_Task to carry out_:
Reproduce the listing below from the line with "customers can redeem" to the line with "Джинси для вагітних", both lines included, character for character, minus any pictures.

_Task data_:
== Segment start ==

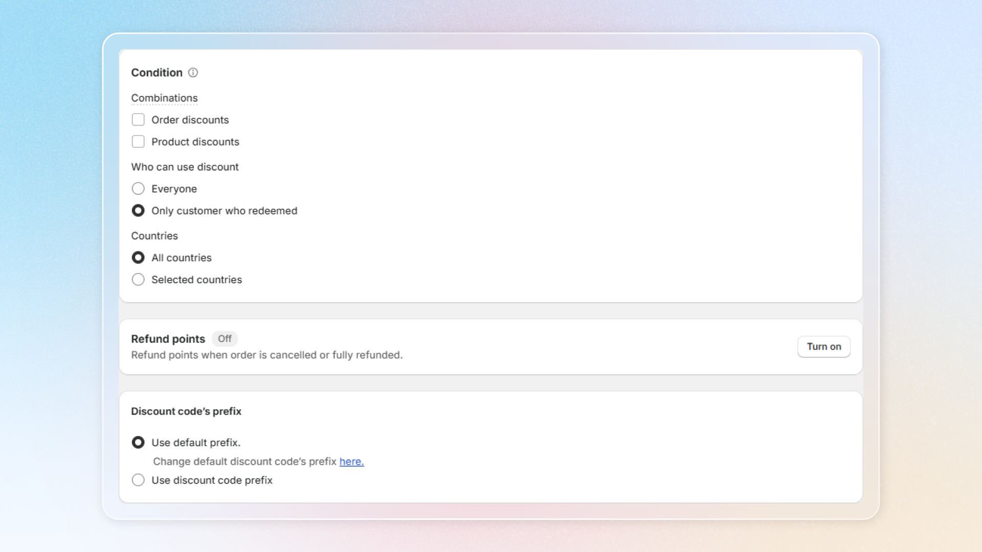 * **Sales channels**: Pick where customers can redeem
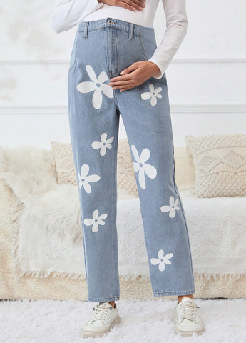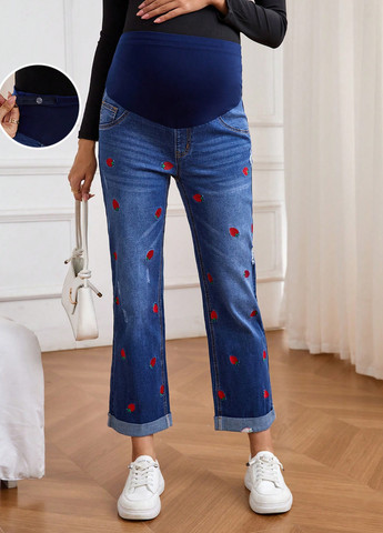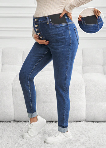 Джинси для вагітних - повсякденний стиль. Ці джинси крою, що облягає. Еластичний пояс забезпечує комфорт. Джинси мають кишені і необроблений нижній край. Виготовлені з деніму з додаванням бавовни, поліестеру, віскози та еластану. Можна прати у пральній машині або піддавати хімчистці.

== Segment end ==
== Segment start ==

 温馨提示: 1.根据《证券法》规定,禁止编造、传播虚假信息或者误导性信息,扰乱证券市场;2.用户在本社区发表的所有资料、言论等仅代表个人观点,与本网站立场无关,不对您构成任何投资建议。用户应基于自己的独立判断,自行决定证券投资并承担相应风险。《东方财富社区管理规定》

== Segment end ==

_Task output_:
 * **Sales channels**: Pick where customers can redeem
 Джинси для вагітних - повсякденний стиль. Ці джинси крою, що облягає. Еластичний пояс забезпечує комфорт. Джинси мають кишені і необроблений нижній край. Виготовлені з деніму з додаванням бавовни, поліестеру, віскози та еластану. Можна прати у пральній машині або піддавати хімчистці.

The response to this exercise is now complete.